Your task: Transcribe only what runs from the line containing "Ende Januar war" through the final line below, exactly, and leave every picture out.

Provided data: Begin

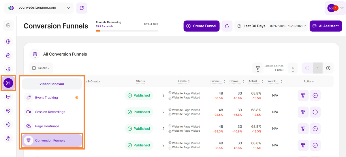• Published: Funnels that have been published and gathering data. Note that unlike heatmaps, there is NO possibility to pause the collection of data.
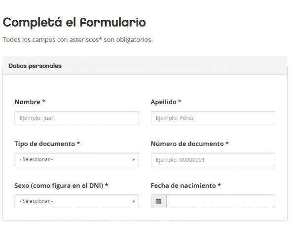 - Ahí se deberá completar un formulario con datos personales (Nombre, apellido, tipo y número de documento, fecha de nacimiento, domicilio – comuna, barrio y código postal – teléfonos de contacto y correo electrónico).
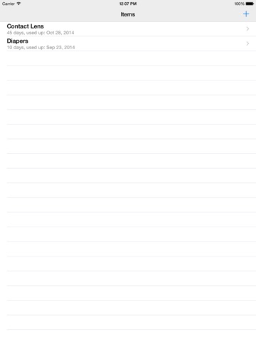 Renewables allows you to manage items that are consumed on a regular basis and used up after a certain time (such as contact lenses, pills/medicine, office material and so on). You specify your current stock of the items that will be used up by specifying the amount you have, when you started using the amount you have and how often you consume your items. Based on the entered data, Renewables calculates how many days are left before your stock is empty and when that date will be.
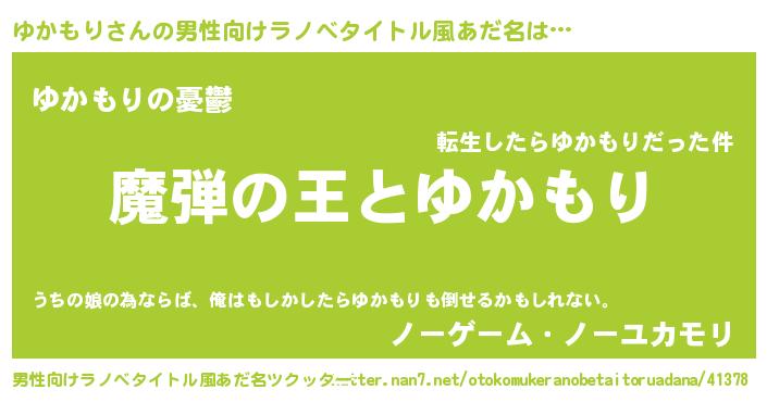 | 女子向けラノベタイトル風あだ名 | 『ゆかもりが死なない童話 林檎のゆかもりの診療簿』 |
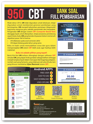 Buku ini hanya BONUS, yang wajib digunakan adalah Software CBT yang ada di dalam CD, karena akan membantu peserta tes siap menghadapi Ujian Nasional dengan sistem CBT. CD interaktif kami persembahkan khusus bagi siswa-siswi yang cerdas dan yang ingin cerdas. Buku dan CD interaktif ini memuat lebih dari 950 soal yang terdiri dari 5 paket, yaitu:
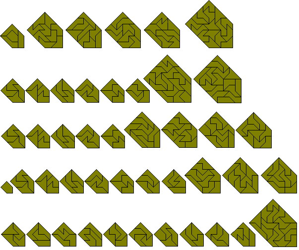 There are 56 one-sided pentaboloes shown in the constructions below where a variety of sets of similar shapes have been made with the pieces. For more one-sided pentabolo constructions see Peter Esser's constructions with the one-sided pentaboloes.
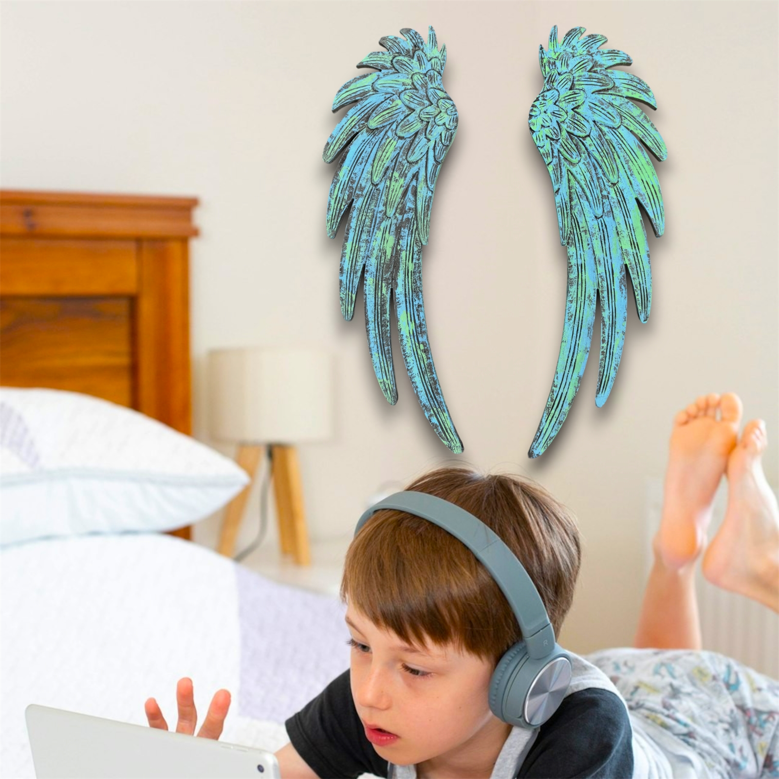 Measuring 11 wide x 35.75 high PER WING and with a thickness of 3/8, these versatile wings can be hung vertically for a classic look or arranged in a V-shape to symbolize victory and inspiration. Whether adorning a nursery, child’s bedroom, or a serene corner of your home decor, their uplifting design will radiate peace and grace.
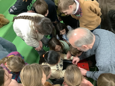 Ende Januar war unser neuer Bürgermeister Simon Panke zu Besuch in der Maulwurf- und Bienenklasse. Wir durften ihm alle möglichen Fragen zu seinem Job stellen, aber auch persönliche Anliegen und Wünsche äußern. Er hat sich alles interessiert angehört und auch Nachfragen zu unseren Sorgen gestellt und überlegt, welche Möglichkeiten er hat, um uns zu helfen. Besonders interessiert hat uns das geplante Neubaugebiet an der Trabrennbahn.
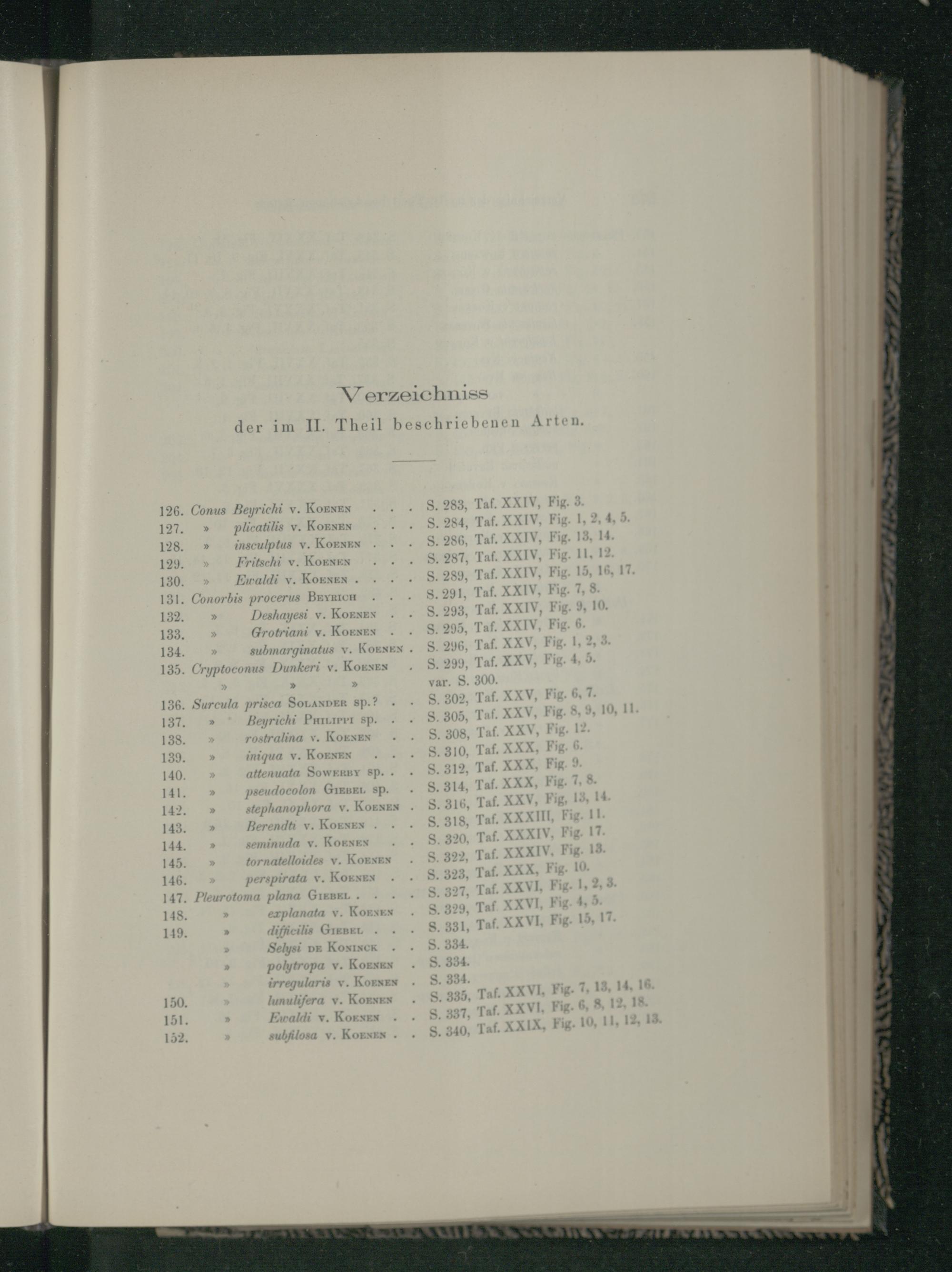 Verzeichnis der im II. Theil beschriebenen Arten.

Provided data: End

Task solution:
 Ende Januar war unser neuer Bürgermeister Simon Panke zu Besuch in der Maulwurf- und Bienenklasse. Wir durften ihm alle möglichen Fragen zu seinem Job stellen, aber auch persönliche Anliegen und Wünsche äußern. Er hat sich alles interessiert angehört und auch Nachfragen zu unseren Sorgen gestellt und überlegt, welche Möglichkeiten er hat, um uns zu helfen. Besonders interessiert hat uns das geplante Neubaugebiet an der Trabrennbahn.
 Verzeichnis der im II. Theil beschriebenen Arten.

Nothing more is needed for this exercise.